Polyamines in chemiosmosis in vivo: A cunning mechanism for the regulation of ATP synthesis during growth and stress

Abstract

Polyamines (PAs) are low molecular weight amines that occur in every living organism. The three main PAs (putrescine, spermidine, and spermine) are involved in several important biochemical processes covered in recent reviews. As rule of thumb, increase of the cellular titer of PAs in plants is related to cell growth and cell tolerance to abiotic and biotic stress. In the present contribution, we describe recent findings from plant bioenergetics that bring to light a previously unrecognized dynamic behavior of the PA pool. Traditionally, PAs are described by many authors as organic polycations, when in fact they are bases that can be found in a charged or uncharged form. Although uncharged forms represent less than 0.1% of the total pool, we propose that their physiological role could be crucial in chemiosmosis. This process describes the formation of a PA gradient across membranes within seconds and is difficult to be tested in vivo in plants due to the relatively small molecular weight of PAs and the speed of the process. We tested the hypothesis that PAs act as permeable buffers in intact leaves by using recent advances in vivo probing. We found that an increase of PAs increases the electric component (Δψ) and decreases the ΔpH component of the proton motive force. These findings reveal an important modulation of the energy production process and photoprotection of the chloroplast by PAs. We explain in detail the theory behind PA pumping and ion trapping in acidic compartments (such as the lumen in chloroplasts) and how this regulatory process could improve either the photochemical efficiency of the photosynthetic apparatus and increase the synthesis of ATP or fine tune antenna regulation and make the plant more tolerant to stress.

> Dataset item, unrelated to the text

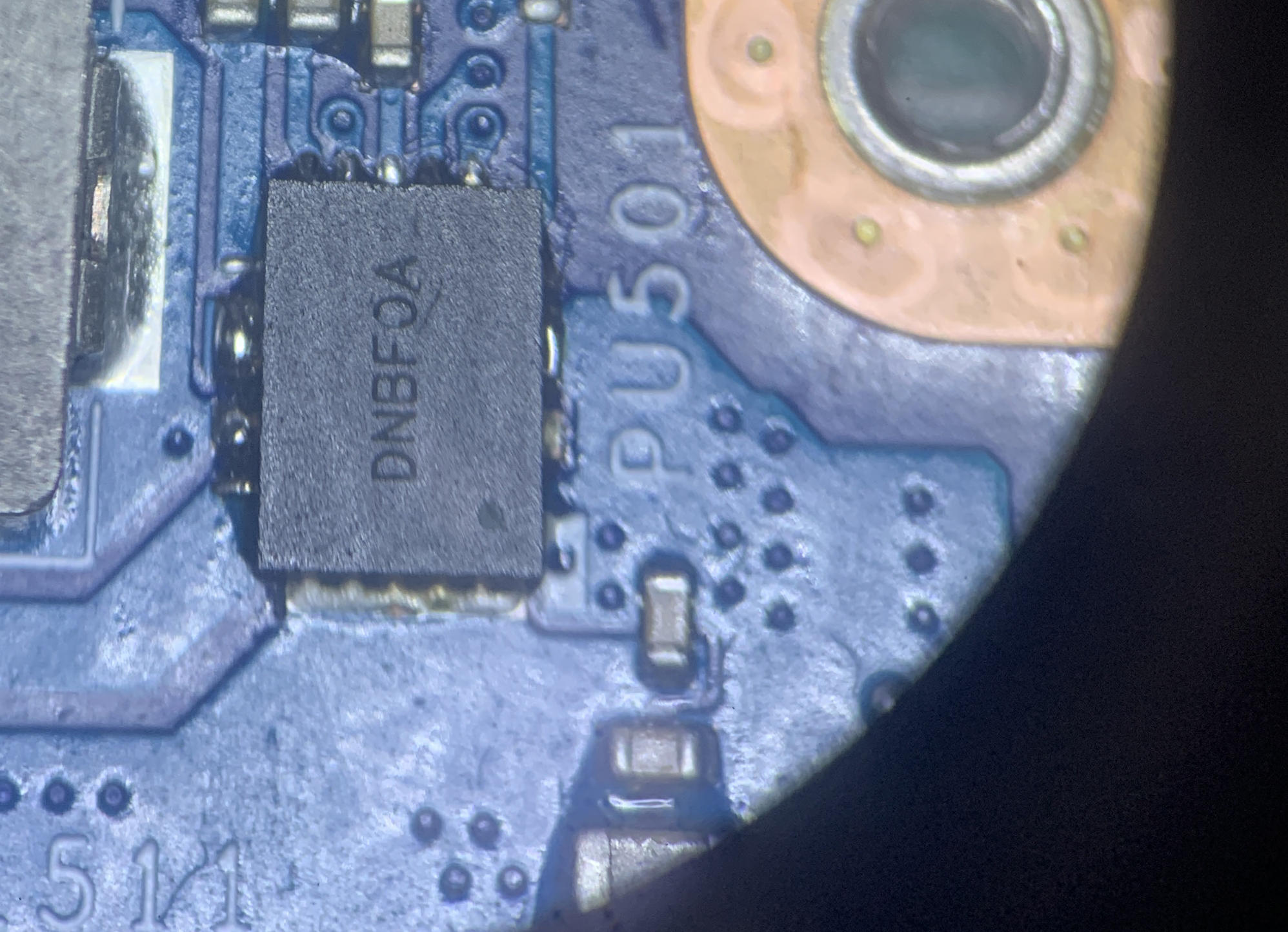 Hi gang, its a long shot, but working on Lenovo Legion Pro 7 motherboard NM-F091, and trying to identify this component near GPU with marking "eHFQH" that is burned and shorting the board. Looks like power management IC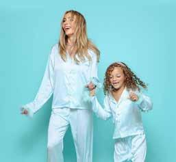Featuring a soft silky baby blue top and pants with feather trim and jeweled buttons, this set is the coolest ensemble for a night out or staying in. The best part? You can match Mom! Available in sizes 12 Months - Adult L.

Keywords: ATP synthesis; chloroplast; photosynthesis; polyamines; proton motive force; putrescine; stress.

FIGURE 1

(A) Chemiosmosis in all cells powers ATP synthesis by forming a proton motive force. Important for the establishment of pmf is a membrane the so-called coupling membrane. Proton producers are usually enzymes of the respiratory chain or photosynthetic subcomplexes. Proton consumers are usually proton-driven ATPases. (B) New chemiosmosis. PAs buffer acidic compartment and energize the membrane that houses ATPases. The triangle shows the central point of the PAs role in chemiosmosis. In other words PAs act as intermediates receiving protons from producers and deliver them to consumers.

FIGURE 2

PAs accumulate in the lumen and buffer the lumen pH during photophosphorylation. Photosynthetic reactions produce protons that are vectorially released in the lumen. Lumen acidification shifts equilibrium 1 to the right (production of charged Put in lumen). Depletion of free putrescine urges new free Put to diffuse from stroma into lumen (Le Chatelier principle equilibrium 2). Finally, free Put in stroma is replaced by charged Put in stroma which is ionized (equilibrium 3). The net result of this process (i.e., new poise of the 3 equilibria) is ion trapping. That is the accumulation of Put in lumen up to 100 times. The final concentration of Put depends mainly on ΔpH and counterion concentration (such as Cl^-).

FIGURE 3

The dual behavior of the Put pool during dark and light. (A) Equal distribution of protons leads to equal distribution of PAs (for example during the dark). (B) Establishment of a ΔpH between the two compartments leads to unequal distribution of PAs. Note in b that for ΔpH = 1 ten times more Put will accumulate in the acidic compartment.

FIGURE 4

A simplified scheme showing the effect of PAs on ATP production by thylakoids. Low doses of PAs stimulate photophosphorylation (α phase). Higher doses lead to reduction of ATP synthesis (γ phase). The x axis is qualitative because in all three PAs (Put, Spd, and Spm) the peak value corresponds to different concentration although the shape of the curve is similar.